_SOURCE DATA_
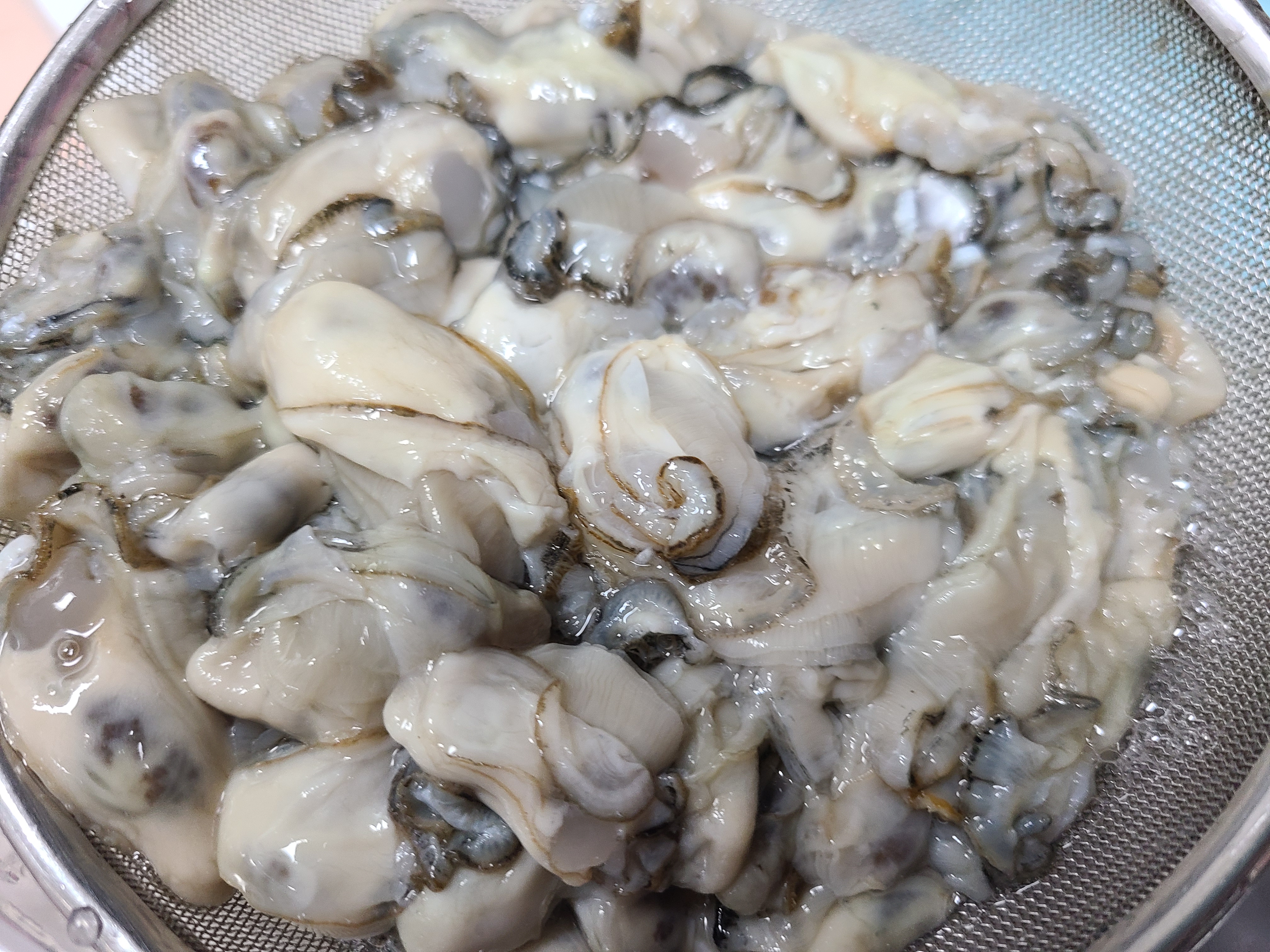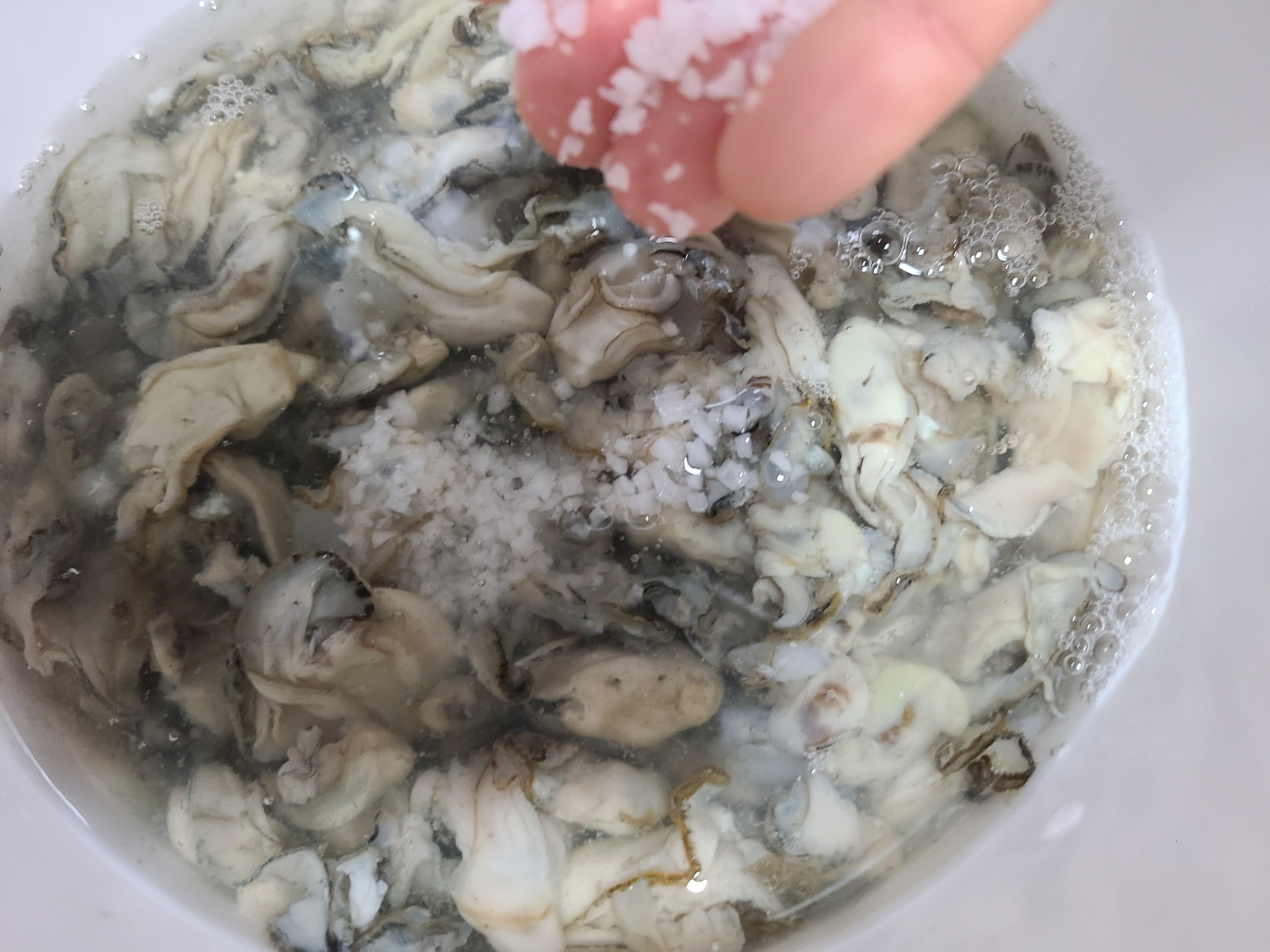 1. 굴은 천일염 1큰술을 넣고 손으로 살살 저어 준후 체에 옮겨 담는다.
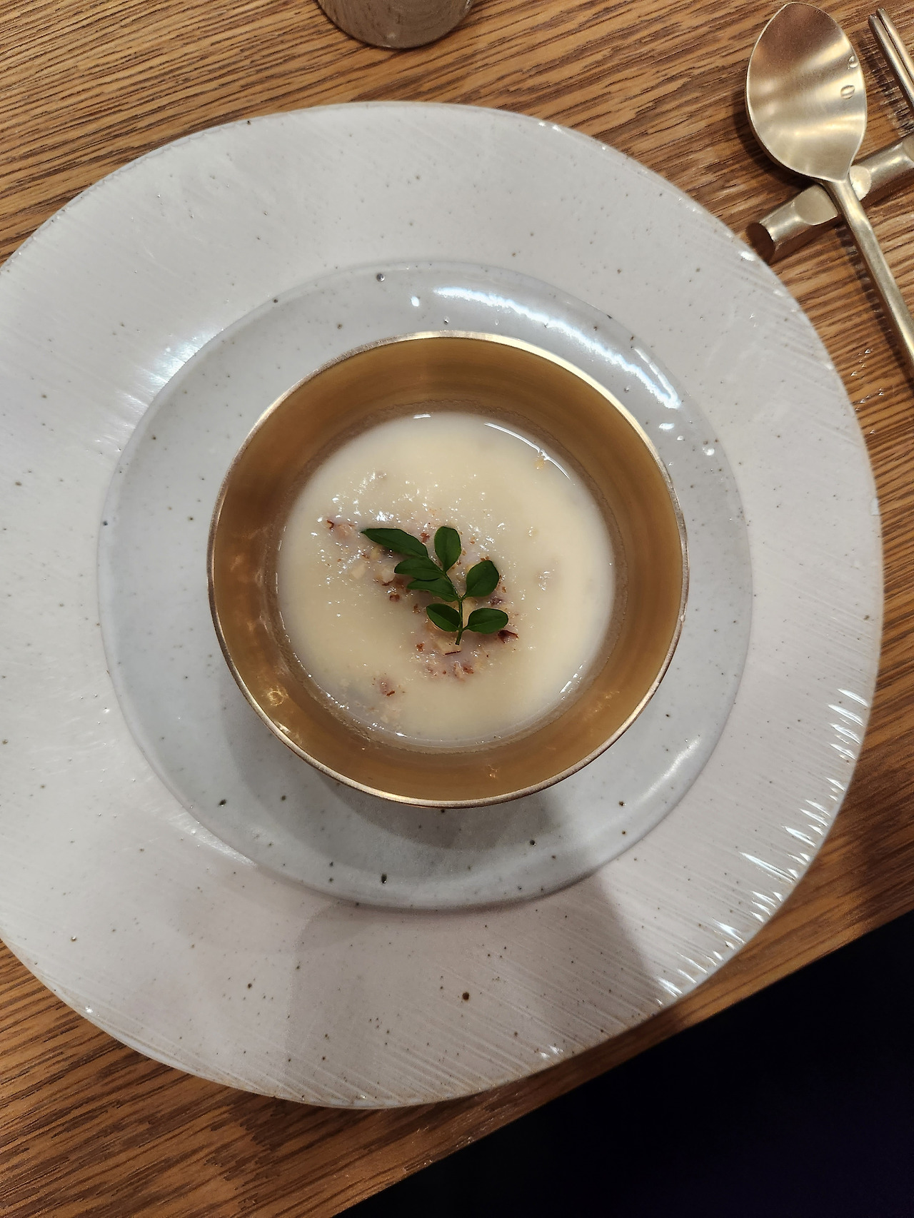 이번에는 캐비어로 만든 주먹밥을 김치 없이 먹어보라는데, 캐비어만 오감을 통해 맛보라고 티스푼 가득 담아 올려 나왔다. 알이 톡톡 터지는 촉감도 느껴지고 비릿한 향도 있다. 아마 가격에 비해 캐비어 맛을 그다지 공감하지 못하는 게 아닐까? 비싸고 귀하다고 맛있는 건 아닐 것이다. 냉동해서는 안 좋은 지 간수를 뺀 소금으로 염장을 한다. 짭조름한 맛은 방부제를 넣지 않고 소금에 절이는 과정에서 나오는 맛이었다.
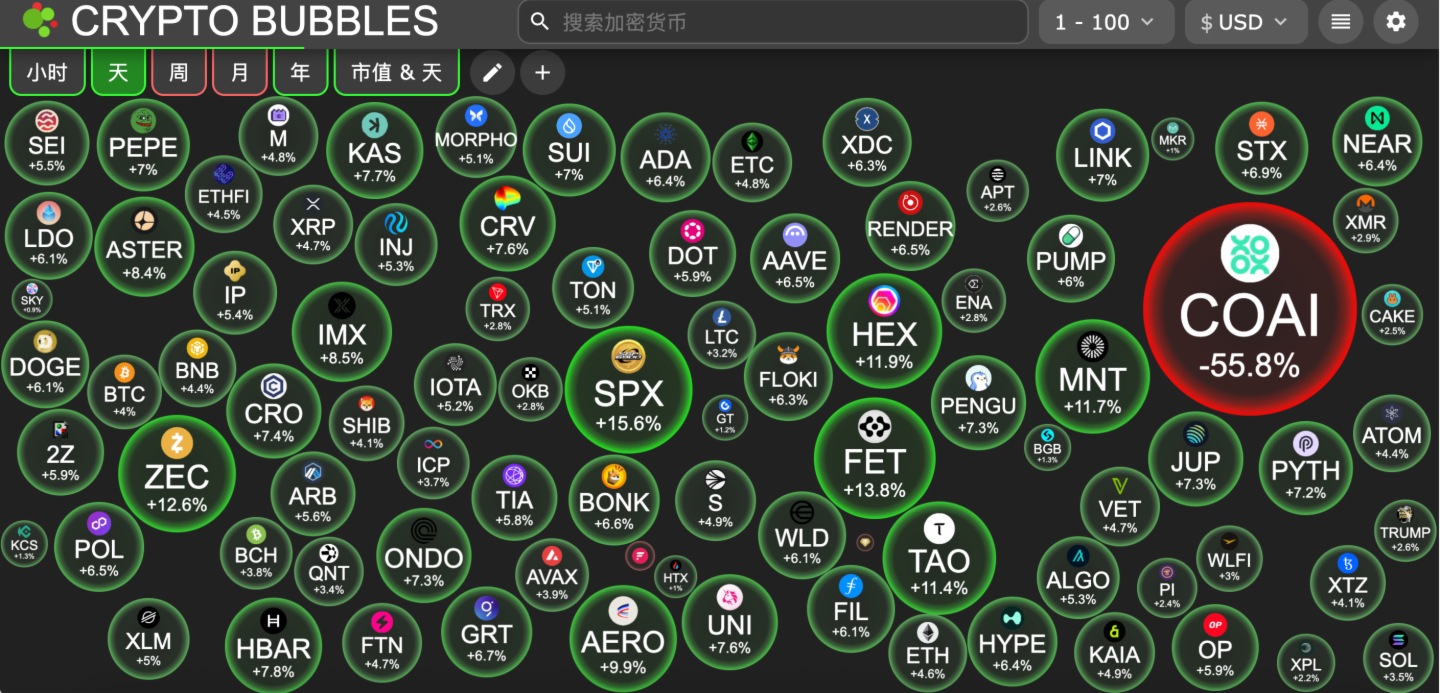 今日市值前100幣種最大漲幅:SPX6900漲15.6%、ASI Alliance漲13.8%、Zcash漲12.6%、HEX漲11.9%、Mantle漲11.7%。
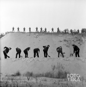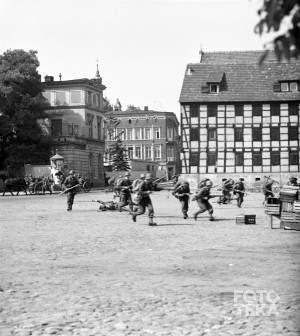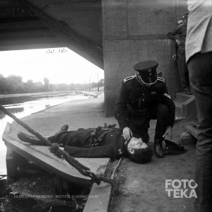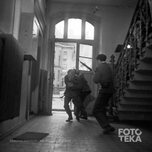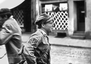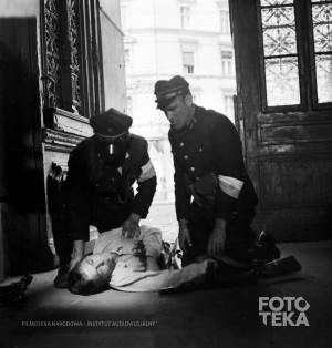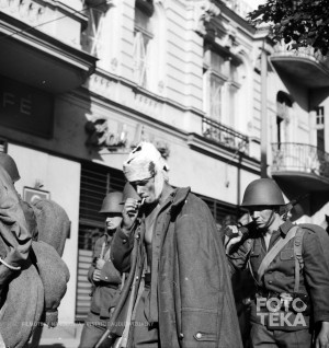 mężczyzna odprowadzający Piotra do miejsca internowania Niemców
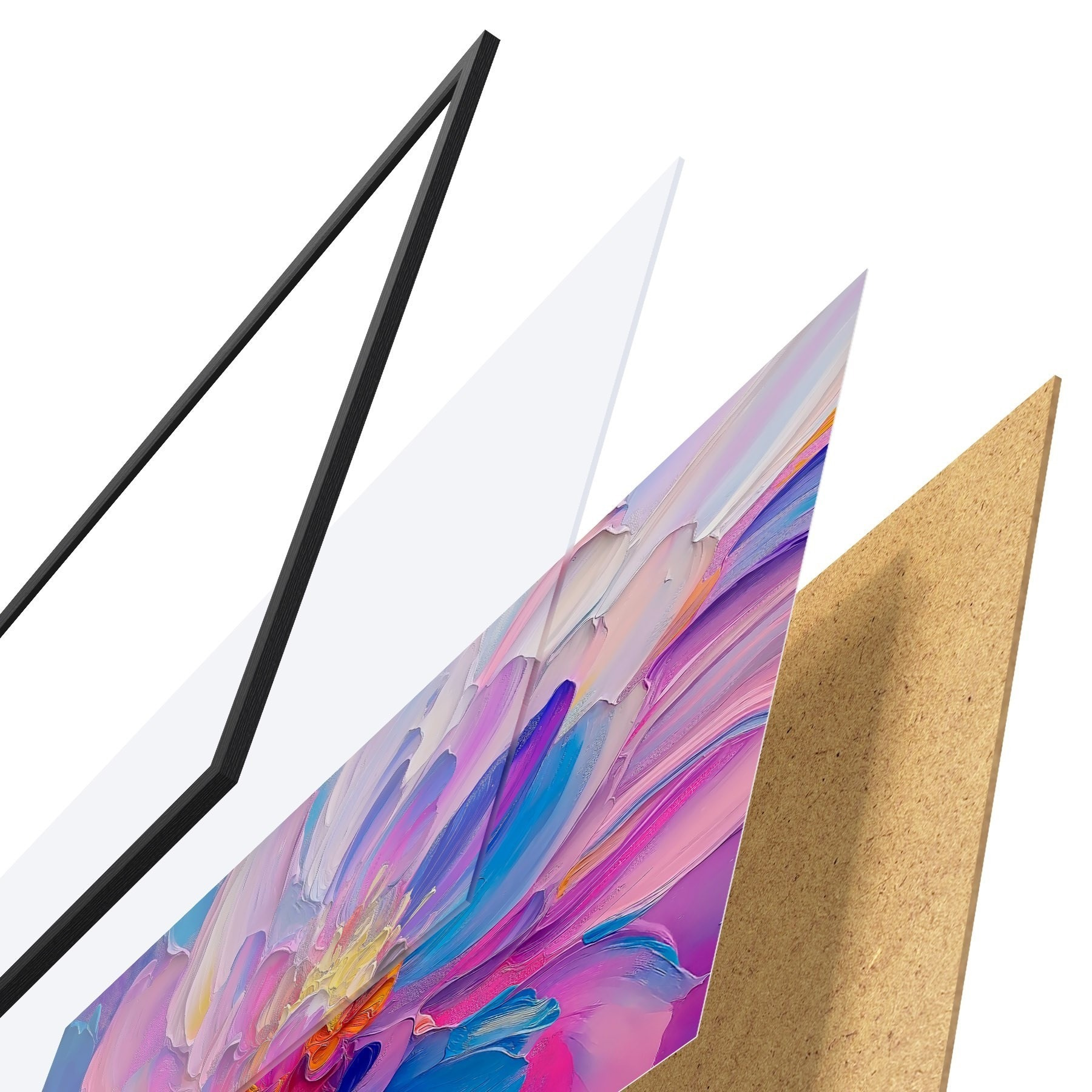 Plakatą sudaro rėmas, pleksiklas, atspausdintas vaizdas ir medžio drožlių plokštės pagrindas. Plakatą galima iš karto pakabinti ant sienos dėl kitoje pusėje esančių laikiklių.
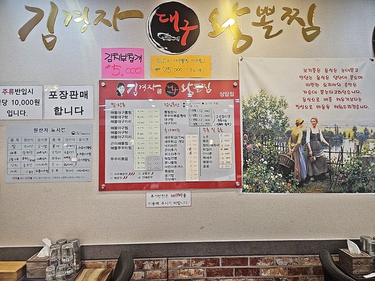 메뉴. 뽈찜이 메인이기 때문에 당연히 뽈찜이 있고 그 밖에 대구탕, 대구 지리, 아구찜, 아구탕과 해물 주꾸미 찜 등을 판매하고 있다. 우리는 해물대구뽈찜과 소주를 주문했다.
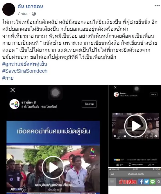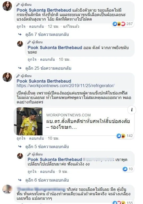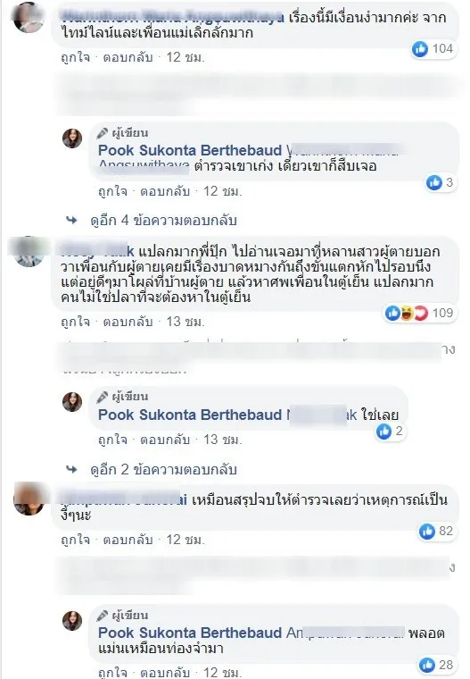 ชาวเน็ตหลายคนต่างแกะรอยคดีที่คิดว่าน่าสงสัยและมีเงื่อนงำ กับคดีลูกฆ่าแม่หั่นศพยัดตู้เย็น หลายคนต่างตั้งข้อสงสัยว่าลูกฆ่าแม่จริงๆหรือไม่? ล่าสุด Pook Sukonta Berthebaud ก็ได้ออกมาโพสท์ตั้งข้อสังเกตเอาไว้ดังนี้ว่า
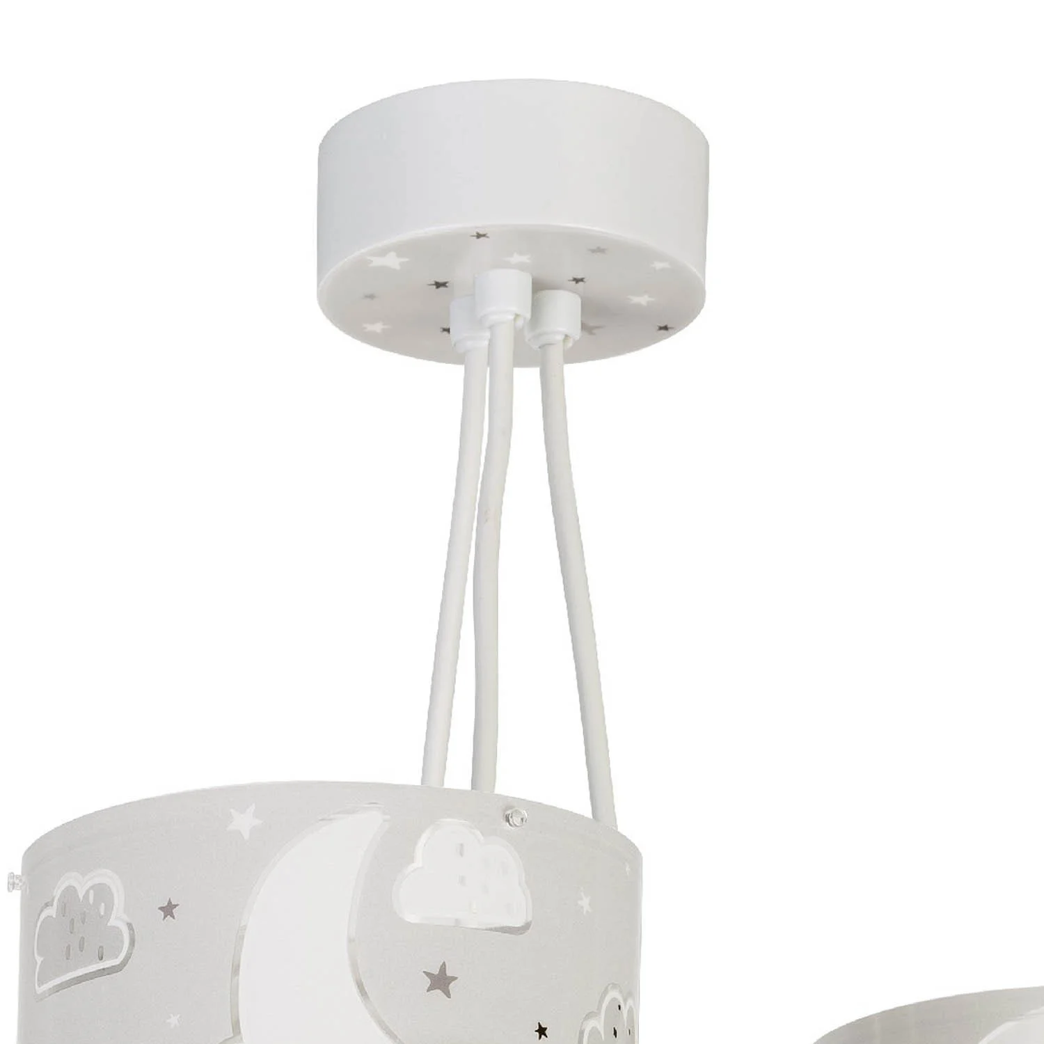 A Lâmpada Infantil lua 3-luz é composta de três telas feitas de polipropileno.Cada tela consiste em uma tela dupla, uma é branca e a outra é cinza.As telas brancas são decoradas com motivos estelares e as telas cinzas com luas e nuvens com estrelas ao seu redor.Trabalha com 3 lâmpadas de bucha E27 no máximo 60W (lâmpadas não incluídas). Recomenda-se o uso de lâmpadas LED.Alguns detalhes e contornos brilham no escuro decorativamente.Fabricado na Espanha
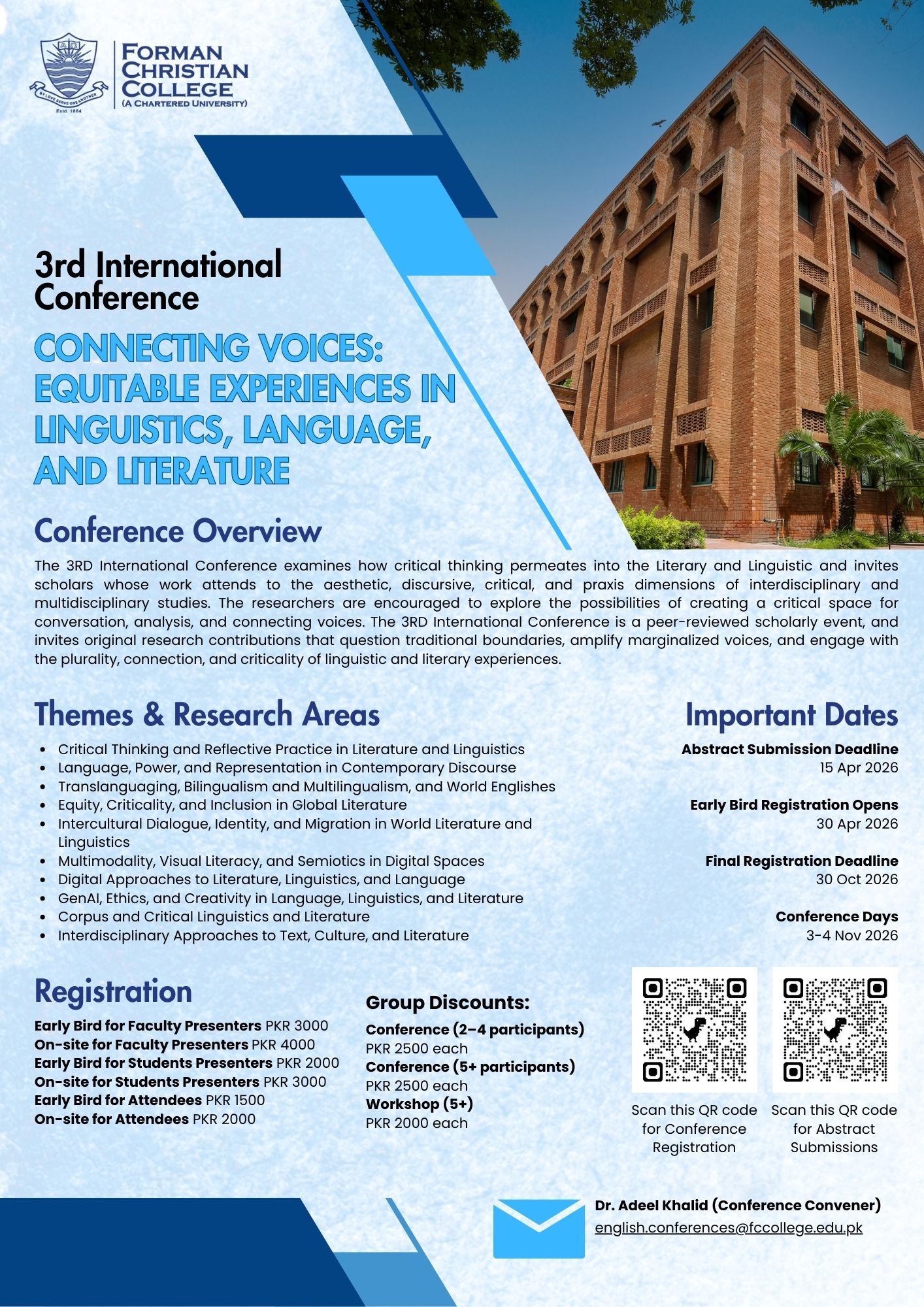 [LAP] 3RD International Conference 2026 - Connecting Voices: Equitable Experiences in Linguistics, Language, and Literature - Department of English - Forman Christian College (A Chartered University)

_EXERCISE INSTRUCTIONS_
Look above for the line containing "mężczyzna odprowadzający Piotra", then write out every line from there down to the line containing "Plakatą sudaro rėmas, pleksiklas, atspausdintas", that line included, with no pictures.

_COMPLETED TASK_
 mężczyzna odprowadzający Piotra do miejsca internowania Niemców
 Plakatą sudaro rėmas, pleksiklas, atspausdintas vaizdas ir medžio drožlių plokštės pagrindas. Plakatą galima iš karto pakabinti ant sienos dėl kitoje pusėje esančių laikiklių.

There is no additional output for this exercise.